Input data:
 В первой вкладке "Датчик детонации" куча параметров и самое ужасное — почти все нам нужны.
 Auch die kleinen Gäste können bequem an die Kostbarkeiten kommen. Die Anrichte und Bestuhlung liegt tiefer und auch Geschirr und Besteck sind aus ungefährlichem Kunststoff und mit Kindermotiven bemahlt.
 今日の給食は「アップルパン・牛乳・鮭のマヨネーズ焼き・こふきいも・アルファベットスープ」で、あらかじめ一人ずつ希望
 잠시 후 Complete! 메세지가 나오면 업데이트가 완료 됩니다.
---
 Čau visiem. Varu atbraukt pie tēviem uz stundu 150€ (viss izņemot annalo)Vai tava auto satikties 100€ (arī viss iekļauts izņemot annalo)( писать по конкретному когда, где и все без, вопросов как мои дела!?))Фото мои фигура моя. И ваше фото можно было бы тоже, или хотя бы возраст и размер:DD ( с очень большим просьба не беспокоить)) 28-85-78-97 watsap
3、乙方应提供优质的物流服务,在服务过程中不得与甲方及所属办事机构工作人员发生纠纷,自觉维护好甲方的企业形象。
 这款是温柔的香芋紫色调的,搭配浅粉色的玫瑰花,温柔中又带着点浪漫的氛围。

Problem to solve: Every line above from the line with "В первой вкладке" to the line with "잠시 후 Complete! 메세지가 나오면 업데이트가 완료 됩니다.", inclusive, must be returned exactly; no other line belongs in the reply.

Response below:
 В первой вкладке "Датчик детонации" куча параметров и самое ужасное — почти все нам нужны.
 Auch die kleinen Gäste können bequem an die Kostbarkeiten kommen. Die Anrichte und Bestuhlung liegt tiefer und auch Geschirr und Besteck sind aus ungefährlichem Kunststoff und mit Kindermotiven bemahlt.
 今日の給食は「アップルパン・牛乳・鮭のマヨネーズ焼き・こふきいも・アルファベットスープ」で、あらかじめ一人ずつ希望
 잠시 후 Complete! 메세지가 나오면 업데이트가 완료 됩니다.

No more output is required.